— Про что же?
— Да вот, например, насчет повсеместного бедствия людей. Сам он такой неслыханный оригиналец был, что ничего ему не нужно; так и назывался: «бессчетный лекарь». Ко всем он шел, а что ему кто заплатит или даже ничего не заплатит, это ему все равно, всех одинаково лечил и к бедным даже еще охотнее ходил и никогда не отказывался, а если дадут, так он сунет в карман и не считает, чтобы не знать, кто сколько дал. Вот он ее этим безразличием пленил и к такой простоте ее свел, что она обо всем образе жизни людей стала иначе думать, и все она начала желать чего-то особенного, чего невозможно и что всех огорчает.
— Непочтительная, что ли, стала?
— Нельзя даже понять — как она, почтительная или непочтительная, но только стало ей нравиться все удивительное. Вот этот ее подругин брат в ниверситете учился и весь свой курс вышел, а служить нигде не захотел. Все этим огорчились, а ей это хорошо.
— Отчего же он служить не пошел?
— Так рассудил, что на «службе, говорит, можно получать различные поручения, каких я делать не хочу, надо в пустяках для угождения много время тратить, и уважать, кого не стоит, и бояться, как бы с дурной стороны не представили, — а я-де ни с кем ни в какую общественную историю попадать не хочу, а хочу лучше сам по своим понятиям людям услуживать». И так без всяких чинов и остался и всю зиму и лето в одной прохладной шинелишке ко всем бедным ходил, пока в прошлом году простудился и умер и семью как есть ни с чем оставил. Спасибо, немцы при похоронах сговорились между собою и все семейство устроили. По Клавдинькиному это все и превосходно, и Клавдинька как только с ним познакомилась, так сделалась от всех своих семейных большая скрытница и все начала евангелие читать и все читала, читала, а потом все наряды прочь и начала о бедных убиваться. Сидит и думает.
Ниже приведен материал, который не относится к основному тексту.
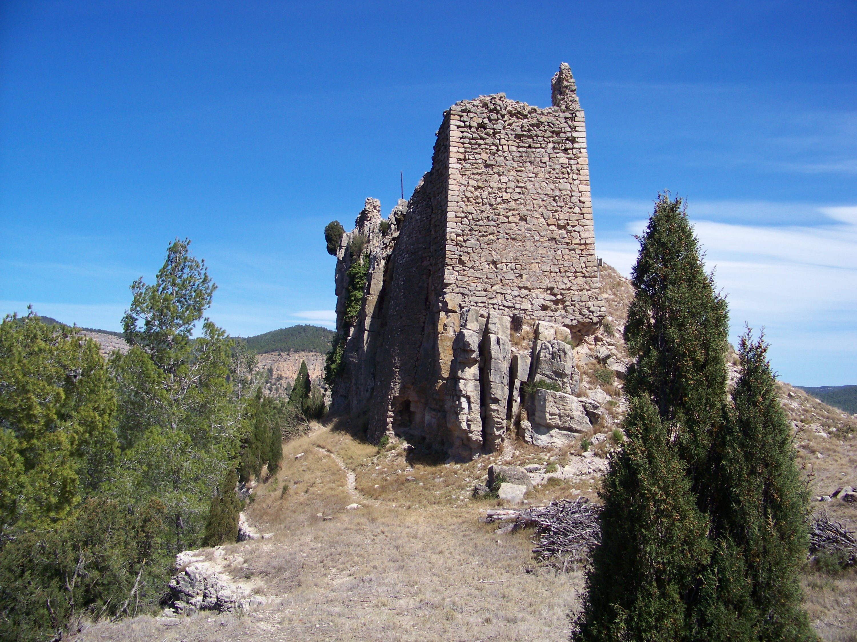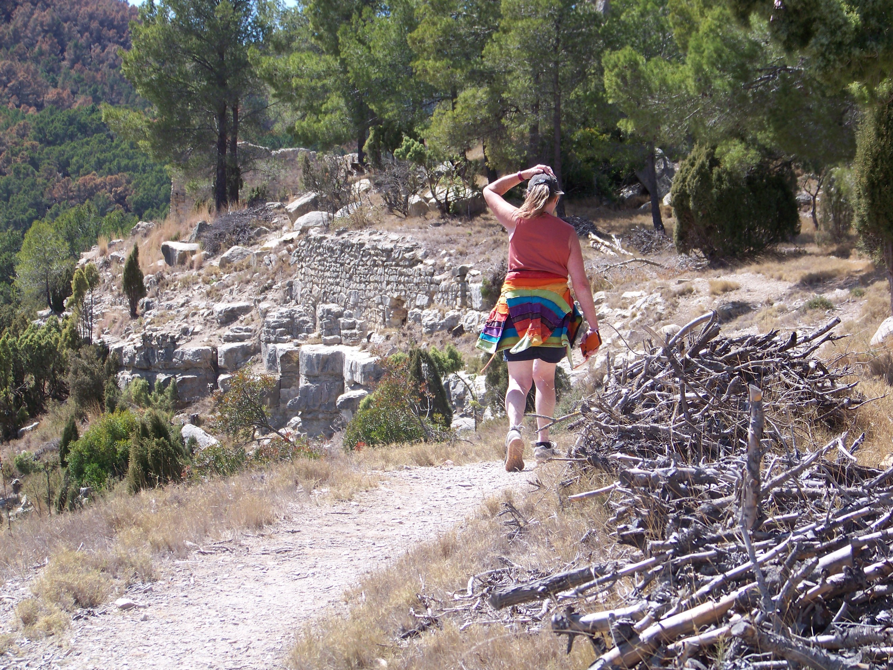 The path wound steadily up to the top of the crag and the Castillo de la Viñaza. Obviously been there a long time, once looking over a valley but now a reservoir, and some reinforcement was taking place. Quite a gusty wind so didn’t hang around too long.

Спросишь: «Что ты все думаешь? чего тебе недостает?» А она отвечает: «У меня все есть и даже слишком больше, чем надобно, но отчего у других ничего нет необходимого?» Ей скажешь: «Чего же тебе до этого? это от бога так, чтобы было кому богатым людям служить и чтобы богатые имели кому от щедрот своих помогать», — а она головою замахает и опять все думает и доведет себя до того, что начнет даже плакать.
— О бедных? — воскликнула Аичка.
— Да!
— Что же, они ей лучше богатых, что ли?
— И я это самое ей говорила: чего? Если тебе жаль, поди в церковь и подай на крыльце. От сострадания нечего плакать. А она отвечает: «Я не от сострадания плачу, а от досады, что глупа и зла и ничего придумать не могу». Ну, и стала все думать и придумала.
Аичка сказала:
— Это интересно.
V
Стала она так жить, что начала не надевать на себя ни золота, ни дорогих нарядов, «Для чего мне это? — говорит, — это совсем ненужное и нисколько не приятно и не весело; да это даже и иметь стыдно».
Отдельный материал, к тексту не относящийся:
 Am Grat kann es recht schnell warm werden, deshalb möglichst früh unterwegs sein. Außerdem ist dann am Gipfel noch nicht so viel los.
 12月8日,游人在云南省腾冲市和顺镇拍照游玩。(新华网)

— Отчего же ей это стыдно? — спросила Аичка.
— Для чего на ней дорогие вещи будут, когда на других и самых простых одежд нет.
— Так это же ведь нарочно так и делают, для отлички друг от друга.
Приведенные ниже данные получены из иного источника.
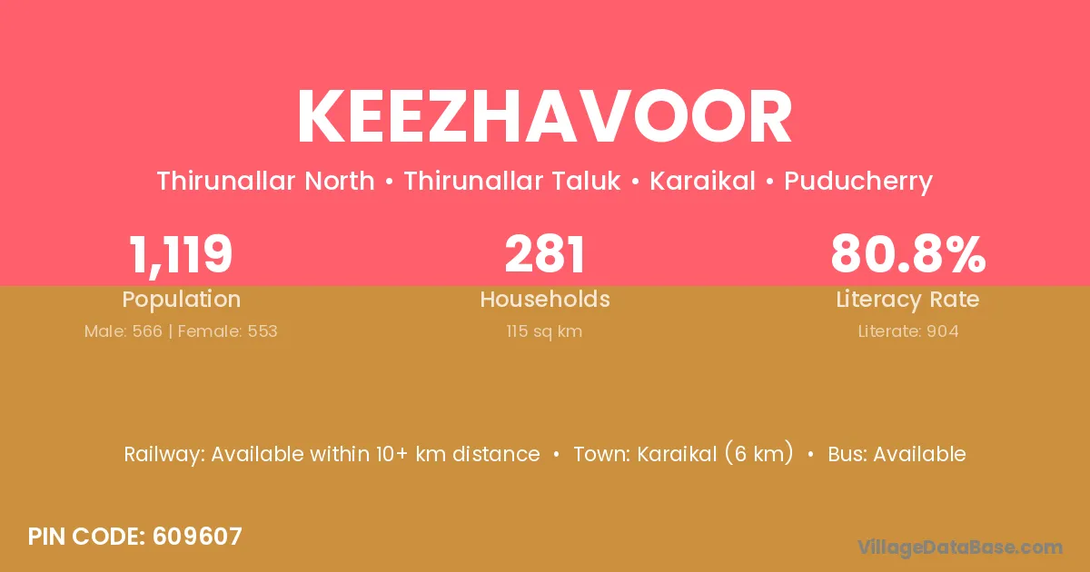 Karaikal (6 km) is the nearest town to Keezhavoor village for major economic activities and is located approximately 6 km away.

— Ну да! как же иначе и разобрать, кто кот — кто повар? А для нее мать сделала тальму из фон-горской козы * и морской травы цвета плющ покрыла, а она ее и не надела.
— Это почему?
«Стыдно, — говорит, — такую роскошь носить», — простое пальто ей больше нравится. Сшила себе сама черное кашемировое платье и белые рукавчики и воротнички, и сама их моет и гладит, и так англичанкою и ходит, а летом в светленьком ситце, а что ей мать подарит деньгами или шелковье, она сейчас пойдет шелковье все продаст и все деньги неизвестно кому отдаст. Мать сначала, бывало, шутя спрашивает:
«Что же ты это, Клавдичка, на молитвы, что ли, всё раздаешь?»
«Нет, — говорит, — маменька, зачем же мне покупные молитвы? Это должен всяк для себя, а я просто так отдаю тем, которым трудно заработать сколько нужно или нечем за ученье платить, когда их детей исключают».
Мать ей и не перечила:
«Что же, — говорит, — отдавай, если хочешь: пусть за тебя бедные бога молят».
Но ей никак не потрафишь сказать.
«Я, — говорит, — маменька, это совсем не для того, а просто мое сердце не терпит, когда я вижу, как я счастлива, а люди живут бедственно».
«Вот потому-то и нехорошо, что ты все ходишь, эту бедственность смотришь: ты на них насмотришься и себя этим и расстраиваешь».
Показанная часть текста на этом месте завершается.